Now I an ready to add a strawberry f-pac and will use 3 qts simmered to ONE qt. Why.. because strawberry is mostly water.


----------



## Old Philosopher (Jul 9, 2010)

I don't have a steam juicer, but I have an automatic rice cooker with a steaming basket. If I use that to steam the peach pieces to a pulp, and then reduce (simmer) the water to 1/3 original volume, it might work. Humm....


----------



## Tom (Jul 9, 2010)

No it will not work :-(


----------



## Old Philosopher (Jul 9, 2010)

After a little research, I may be able to make a jerry-rigged steam juicer using an angel food cake pan and a colander in a double-boiler. :< If I get it to work, I'll post a pic of the mess. I only have about 3-4 pounds of fruit to steam this time, so it's worth a try, just to see if I can pull it off.


----------



## UglyBhamGuy (Jul 9, 2010)

Even if you don't get it to work, post the pic and maybe tell what happened that you think caused it to not work. Someone else may be able to build on your design and get something usable.


----------



## Old Philosopher (Jul 9, 2010)

UglyBhamGuy said:


> Even if you don't get it to work, post the pic and maybe tell what happened that you think caused it to not work. Someone else may be able to build on your design and get something usable.

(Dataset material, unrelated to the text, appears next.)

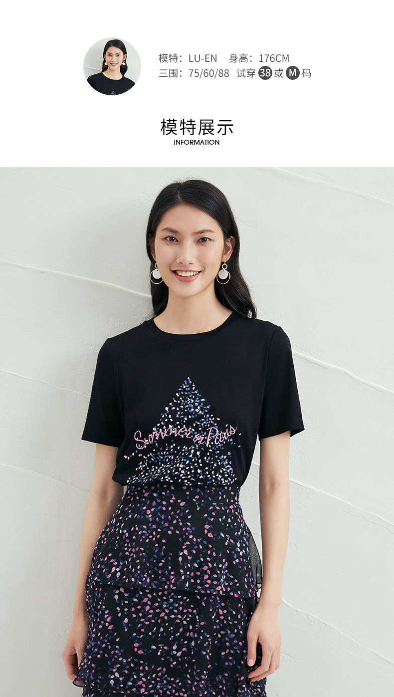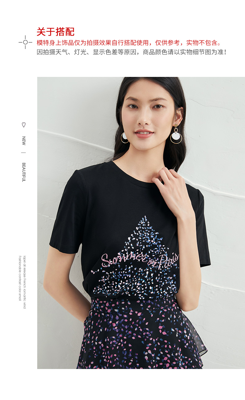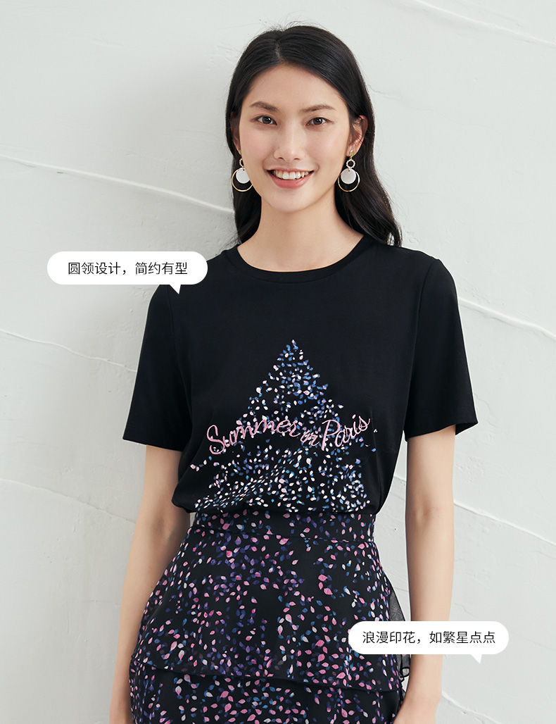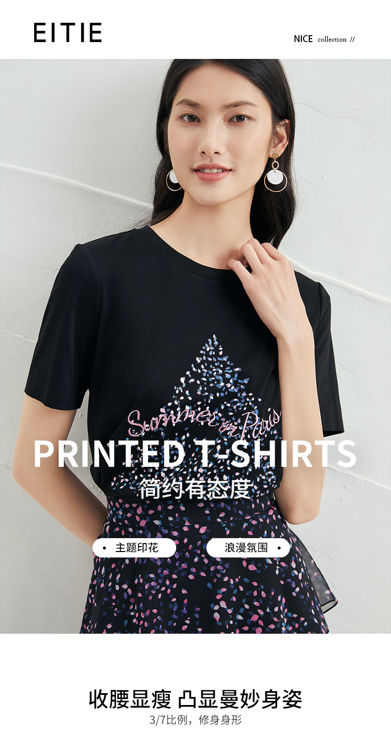 EITIE爱特爱夏款舒适时尚简约亲肤T恤打底短袖女上衣6602301

Well, the first stumbling block was that a cake pan is not sealed at the bottom. Nest candidate: a bunt (cake) pan. The next problem is finding a colander that will fit inside my 20 qt stock pot. Ironing out the bugs as I go along. Hahaha! If it works, I won't have to spend $150 on a juice steamer that I might use twice a year.


----------



## ffemt128 (Jul 9, 2010)

Old Philosopher said:


> Well, the first stumbling block was that a cake pan is not sealed at the bottom. Nest candidate: a bunt (cake) pan. The next problem is finding a colander that will fit inside my 20 qt stock pot. Ironing out the bugs as I go along. Hahaha! If it works, I won't have to spend $150 on a juice steamer that I might use twice a year.



I picked up my steamer for $79 on Amazon. Havent used it yet but Its ready to go.


----------



## Old Philosopher (Jul 10, 2010)

*Solution*

Well, SWMBO came up with the solution, even though it does take a little specialized equipment.
Her new cookware set has a nice double boiler steamer. She came up with a catch bowl that just fit in the lower pan. Here's the set up:











Here's the juice, ready to be reduced, that I got out of about 3 pounds of peaches:


----------



## Old Philosopher (Jul 11, 2010)

Tom said:


> ...
> Remember you will need to add clearing agents and rack a few times



Any suggestions on clearing "agents", other than a commercial product? I don't have access to specialty stores. I've heard a lot of different things, but not sure what to believe. Don't want to screw up this batch.


----------



## Tom (Jul 11, 2010)

If you cant get anything over the net try egg WHITES. One egg white for 6 gallons. OR try some unflavored gelatin (knox). I'm sure you can almost anything wher you live over the net.


----------



## Old Philosopher (Jul 11, 2010)

Tom said:


> If you cant get anything over the net try egg WHITES. One egg white for 6 gallons. OR try some unflavored gelatin (knox). I'm sure you can almost anything wher you live over the net.


If the Knox will work, I'd rather do that. I try to avoid the cc over the net stuff. 
Thanks!


----------



## Old Philosopher (Aug 6, 2010)

Old Philosopher said:


> Trust me.... This stuff will never see a bottle!


Quoting myself...how pathetic is that?
Well, I bottled the peach wine after 45 days. Then I shared a bottle with my wife. 3 bottles later in one evening...she dragged me to the store to get more peaches the very next day. 
So there's another 3 gallons in primary right now.


----------